Ikram Belmadani, Oumaima El Khettari, Pacôme Constant dit Beaufils, Benoit Favre, Richard Dufour
Instruction tuning has become essential for adapting large language models (LLMs) to follow domain-specific prompts. Yet, in specialized fields such as medicine, the scarcity of high-quality French instruction data limits effective supervision.

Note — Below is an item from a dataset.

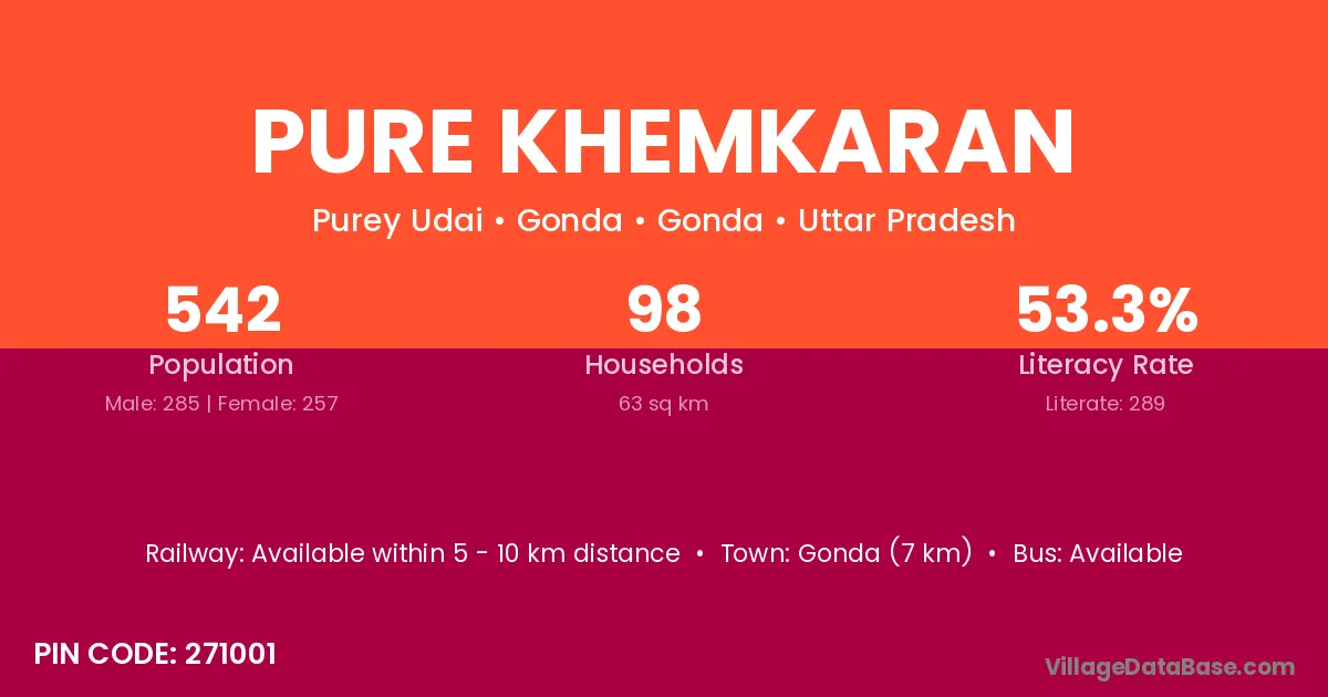 Gonda (7 km) is the nearest town to Pure Khemkaran village for major economic activities and is located approximately 7 km away.

To address this gap, we introduce MedInjection-FR, a large-scale French biomedical instruction dataset comprising 571K instruction-response pairs drawn from three complementary sources: native, synthetic, and translated data. We design a controlled experimental framework to systematically assess how data provenance affects instruction tuning, using Qwen-4B-Instruct fine-tuned across seven configurations combining these sources. Results show that native data yield the strongest performance, while mixed setups, particularly native and translated, provide complementary benefits. Synthetic data alone remains less effective but contributes positively when balanced with native supervision. Evaluation on open-ended QA combines automatic metrics, LLM-as-a-judge assessment, and human expert review; although LLM-based judgments correlate best with human ratings, they show sensitivity to verbosity. These findings highlight that data authenticity and diversity jointly shape downstream adaptation and that heterogeneous supervision can mitigate the scarcity of native French medical instructions.